_Exercise instructions_
With the pictures left out, print exactly the lines below that run from the one containing "Архивы для admin" through the one containing "这样我们就实现了点击按钮切换柱状图组件显示隐藏的效果了。".

_Working data_
________
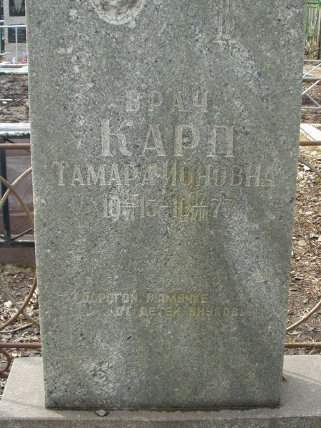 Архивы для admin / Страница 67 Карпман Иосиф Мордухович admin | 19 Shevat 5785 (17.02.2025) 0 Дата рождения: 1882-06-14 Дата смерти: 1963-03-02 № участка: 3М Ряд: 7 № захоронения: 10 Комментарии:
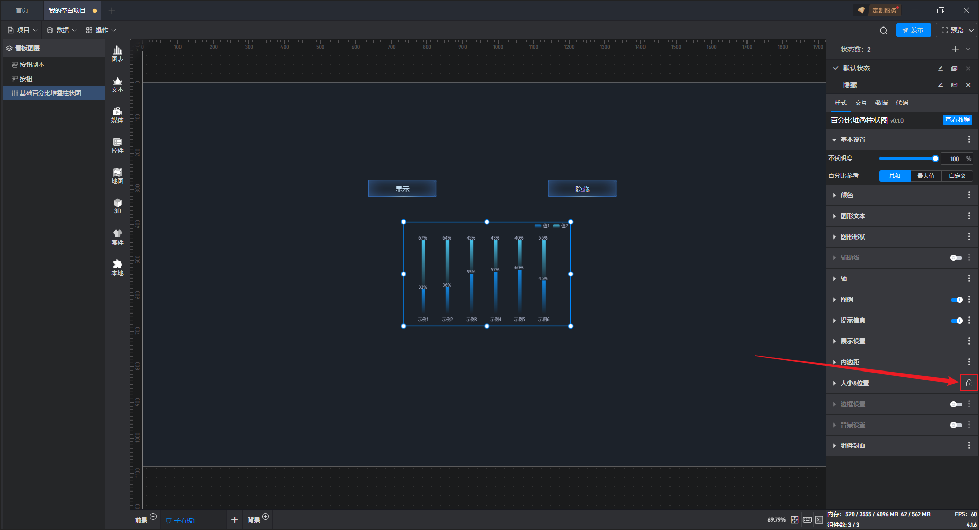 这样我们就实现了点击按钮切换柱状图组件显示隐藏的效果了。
________
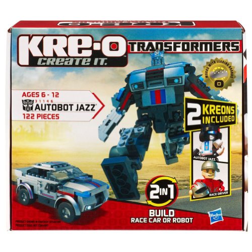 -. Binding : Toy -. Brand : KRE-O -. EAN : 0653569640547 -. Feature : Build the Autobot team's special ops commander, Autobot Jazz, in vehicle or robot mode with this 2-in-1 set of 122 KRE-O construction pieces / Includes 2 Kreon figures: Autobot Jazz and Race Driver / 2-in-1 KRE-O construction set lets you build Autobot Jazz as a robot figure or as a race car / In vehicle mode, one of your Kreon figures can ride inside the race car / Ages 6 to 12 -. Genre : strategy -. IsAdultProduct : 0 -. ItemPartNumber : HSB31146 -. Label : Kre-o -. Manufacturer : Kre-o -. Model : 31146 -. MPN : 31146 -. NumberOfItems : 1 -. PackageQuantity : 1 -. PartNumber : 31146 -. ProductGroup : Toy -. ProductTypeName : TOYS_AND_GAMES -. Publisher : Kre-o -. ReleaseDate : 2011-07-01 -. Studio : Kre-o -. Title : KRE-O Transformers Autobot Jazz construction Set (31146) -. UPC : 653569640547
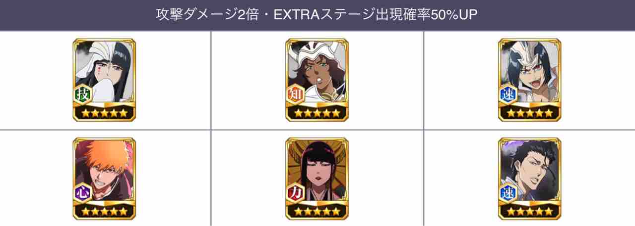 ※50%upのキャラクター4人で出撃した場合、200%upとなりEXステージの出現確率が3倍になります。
________
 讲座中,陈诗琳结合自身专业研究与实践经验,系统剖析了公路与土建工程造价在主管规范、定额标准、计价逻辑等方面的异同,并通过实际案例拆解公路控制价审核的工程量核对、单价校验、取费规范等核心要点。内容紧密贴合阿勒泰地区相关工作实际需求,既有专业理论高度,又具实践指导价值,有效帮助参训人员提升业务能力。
________
_Response_
 Архивы для admin / Страница 67 Карпман Иосиф Мордухович admin | 19 Shevat 5785 (17.02.2025) 0 Дата рождения: 1882-06-14 Дата смерти: 1963-03-02 № участка: 3М Ряд: 7 № захоронения: 10 Комментарии:
 这样我们就实现了点击按钮切换柱状图组件显示隐藏的效果了。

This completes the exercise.